Hasher chiplet redesign by Al-Kindi-0 · Pull Request #2927 · 0xMiden/miden-vm

Al-Kindi-0 · 2026-03-27T15:13:16Z

This PR bundles several closely related changes in the hasher / chiplets area:

Hasher controller/permutation split -- the hasher trace is split into a compact controller region and a separate permutation segment, enabling permutation deduplication.
Packed 16-row Poseidon2 permutation segment -- the 31-step Poseidon2 schedule is packed from 32 rows down to 16 rows per unique permutation.
Sibling table soundness fix (#2220) -- a new mrupdate_id column domain-separates sibling-table entries, preventing cross-operation sibling swapping.
Memory address range checks (#1614) -- the memory chiplet gets w0/w1 address-limb columns, with 16-bit range-check lookups routed through the wiring bus.

These changes all touch the chiplets trace layout, bus plumbing, and AIR structure, so landing them together keeps the transition coherent.

Why

1. Deduplicate repeated permutations

The old monolithic hasher consumed 32 rows per permutation request, even if the same input state appeared repeatedly.

With the new design:

the controller records each request as a 2-row (input, output) pair,
the permutation segment executes one packed 16-row cycle per unique input state,
a multiplicity counter records how many controller pairs map to the same cycle.

For M requests with U unique input states, the rough cost changes from:

old: 32M
new: 2M + pad_to_16 + 16U

This is a clear win whenever states repeat (Merkle workloads, identical MAST roots, ...).

2. Fix sibling-table soundness

The old sibling-table encoding was vulnerable to cross-operation sibling reuse.
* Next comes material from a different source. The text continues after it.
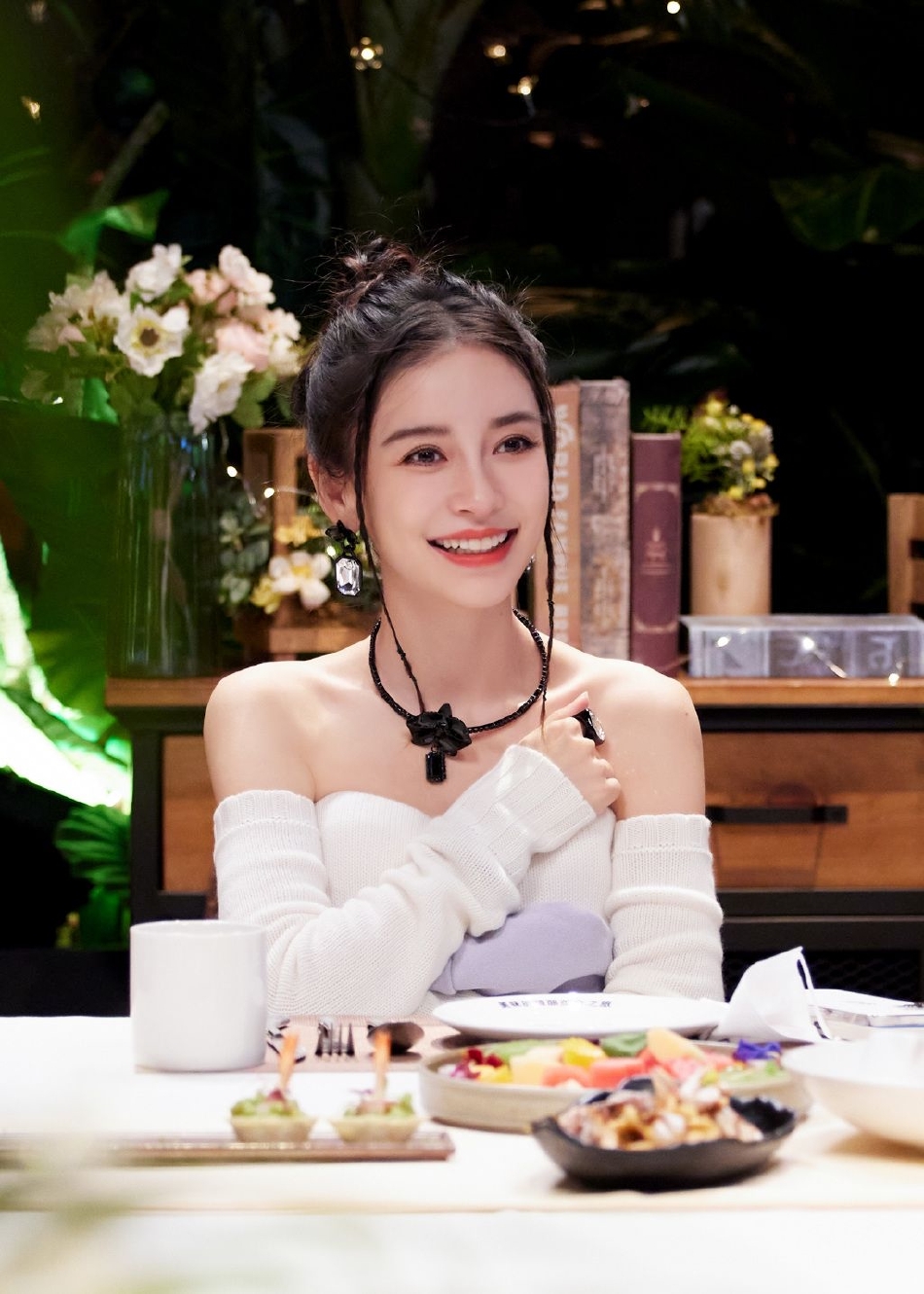 Angelababy录节目抹胸露香肩 大秀天鹅颈又纯又欲

Adding mrupdate_id domain-separates entries so sibling-table balance is enforced per MRUPDATE instance, not globally across unrelated operations.
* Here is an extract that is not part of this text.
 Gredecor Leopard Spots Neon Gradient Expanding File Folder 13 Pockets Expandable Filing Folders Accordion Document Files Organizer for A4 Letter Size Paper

3. Add memory address decomposition checks

The memory chiplet now decomposes word addresses into two 16-bit limbs and proves the decomposition using range-check lookups. This closes an important missing piece in memory soundness while reusing the existing wiring-bus infrastructure.

Design

Hasher: two-region trace

The hasher trace is split into two contiguous regions:

Controller (perm_seg = 0)
Compact input/output row pairs, one pair per permutation request.
Permutation segment (perm_seg = 1)
One packed 16-row Poseidon2 cycle per unique input state.

A LogUp permutation-link on the shared V_WIRING auxiliary column ties controller requests to the corresponding permutation cycles.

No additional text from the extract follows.